Irízar está insistiendo en particular en un programa que implante valores en la sierra —donde «los jefes de la droga matan padres y secuestran madres»— y tiene particular interés en impulsar proyectos para la juventud a lo largo y ancho de su estado. El congresista creció en un pequeño pueblo localizado a unos 80 kilómetros de Cualiacán; él admite que algunos de sus compañeros de escuela se hicieron narcos. «Algunos están en la cárcel, algunos está muertos», dice, con una sonrisa triste. «Otros son ricos».

Como muchos mexicanos que crecieron en esta depauperada región montañosa, el joven Chapo quería salir de aquí. Su padre lo golpeaba con frecuencia, y cuando era adolescente lo corrió de la casa. Él se fue a vivir con su abuelo. Día y noche trabajó en el campo. No tuvo infancia de ningún tipo, le contaría a Zulema Hernández mientras estuvo en la cárcel. Cuando hizo un recuento de su historia para ella, El Chapo se volvería contra las frías paredes de concreto, «como si fuera algo que sólo quisiera olvidar pero que, al mismo tiempo, lo hubiera mantenido prisionero cada momento de su vida».

Pero a diferencia de sus predecesores, él tendría un escape. Mientras El Chapo crecía en Sinaloa, otra industria se estaba desarrollando silenciosa y rápidamente a su alrededor. Después de la Segunda Guerra Mundial, cuando los veteranos de guerra de Estados Unidos necesitaban morfina por prescripción médica y otros buscaban heroína ilegal para aliviar el dolor de la posguerra, el sector agrícola de Sinaloa se estaba diversificando. El opio se estaba volviendo el boleto para salir rápidamente de la pobreza abismal. La aceptación de la marihuana en Estados Unidos durante las décadas de los sesenta y los setenta estaba creando demanda de otro producto ilícito que Sinaloa podía cultivar.

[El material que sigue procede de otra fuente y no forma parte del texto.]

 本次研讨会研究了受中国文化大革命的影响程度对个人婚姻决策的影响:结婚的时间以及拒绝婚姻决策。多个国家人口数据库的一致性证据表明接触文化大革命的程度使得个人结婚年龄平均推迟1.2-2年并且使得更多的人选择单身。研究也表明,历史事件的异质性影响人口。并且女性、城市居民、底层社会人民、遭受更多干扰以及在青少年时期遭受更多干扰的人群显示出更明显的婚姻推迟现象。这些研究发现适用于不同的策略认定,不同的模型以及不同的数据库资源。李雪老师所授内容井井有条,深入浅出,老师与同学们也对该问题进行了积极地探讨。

Puede que oficialmente el padre del Chapo fuera ganadero, pero de acuerdo con los residentes que recuerdan cómo era La Tuna en aquel entonces, de hecho era un gomero o productor de la amapola del opio, como todo el mundo en el pueblo. Aunque trabajaban para los de arriba —en aquellos tiempos los jefes eran los políticos locales, los encargados de aplicar la ley y otros por el estilo—, los gomeros administraban sus operaciones como negocios familiares.

Todos trabajaban: cada mañana, al amanecer, los hijos —al menos aquellos que tuvieran entre 11 y 18 años de edad— caminarían un par de horas montaña arriba hasta su sembradío de amapola y comenzarían a trabajar en la cosecha. Con cuidado, cortaban el capullo de la amapola, del cual la preciada goma de opio rezuma como melaza. (Hoy un kilo de goma le reportaría a la familia un ingreso de 8 mil pesos o 700 dólares). Mientras, la madre y las hijas prepararían el almuerzo y se los llevarían a primera hora de la tarde, llevando a cuestas a los hermanos menores.

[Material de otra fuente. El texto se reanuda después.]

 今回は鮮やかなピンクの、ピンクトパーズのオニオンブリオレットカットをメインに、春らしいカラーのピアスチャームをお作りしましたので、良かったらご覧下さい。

El papel del padre no sólo era el del agricultor, sino también el de negociante. Él negociaría la venta de la cosecha con el siguiente eslabón de la cadena, y el opio sería trans portado a Culiacán u otra ciudad cercana, como Guamúchil. Hoy en día la industria funciona de manera muy parecida.

El padre del Chapo tenía la suerte de estar relacionado con los meros meros en Culiacán, capital de Sinaloa, por medio de un hermano, Pedro Avilés Pérez. Elemento clave en el negocio de la droga en Sinaloa, a Avilés Pérez se le considera pionero, pues halló nuevos métodos para transportar el producto rural a las áreas urbanas para su embarque. También fue famoso por haber sido el primero que usó aviones para introducir cocaína a Estados Unidos.

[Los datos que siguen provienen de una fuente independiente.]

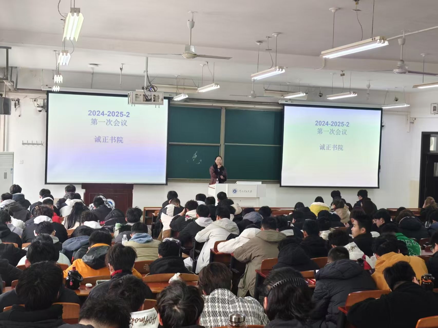 新年胜意,再续新章。为了迎接新学期的到来,明确新学期目标,激发同学们的学习热情。2月18日下午,诚正书院第二学期第一次班会于河南理工大学三号教学楼3103教室隆重举行,由诚正书院党委副书记王新建主持。同学们积极参与会议,并进行了热烈讨论,拉开了新学期、新征程的帷幕。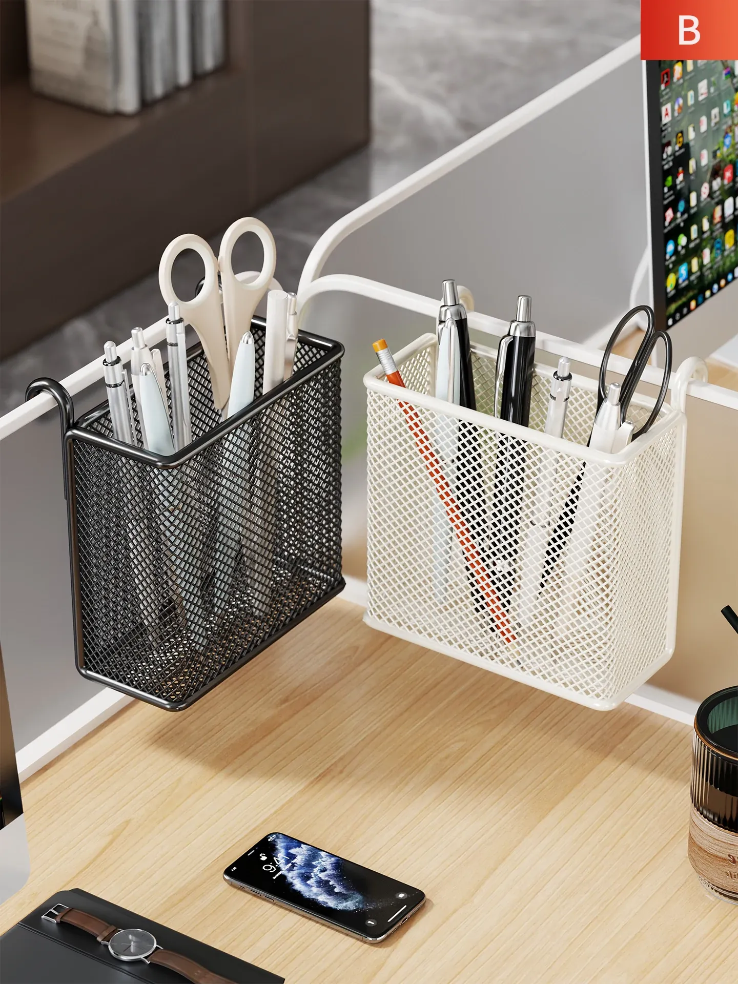 オフィスデスク用吊り収納ラック - 多機能フック&バスケット付き整理棚で、デスク周りをスッキリ整理!仕事効率をアップさせる便利アイテム!

Para una familia de campesinos, aquél era un gran paso. Para cuando estaba en sus veintes, el joven Chapo tendría una oportunidad para escapar de la horrenda pobreza que había atrapado a sus predecesores y coetáneos.

Raíces de rebelión

Si confundes el cielo y la tierra, el verde y el rojo; si has olvidado cómo sacar una raíz cuadrada y no sabes qué hacer con tu brújula, la mañana o el amor, has llegado a Sinaloa.

ÉLMER MENDOZA, escritor sinaloense.

No siempre Sinaloa ha tenido que ver con las drogas, pero incluso antes de los narcos y la demanda estadounidense de sustancias ilícitas, siempre ha estado marcada por la anarquía. Siempre ha estado al margen de la ley y ha sido violenta. «El carácter del sinaloense es mitad ángel y mitad demonio», dice el historiador local y sociólogo Martín Amaral.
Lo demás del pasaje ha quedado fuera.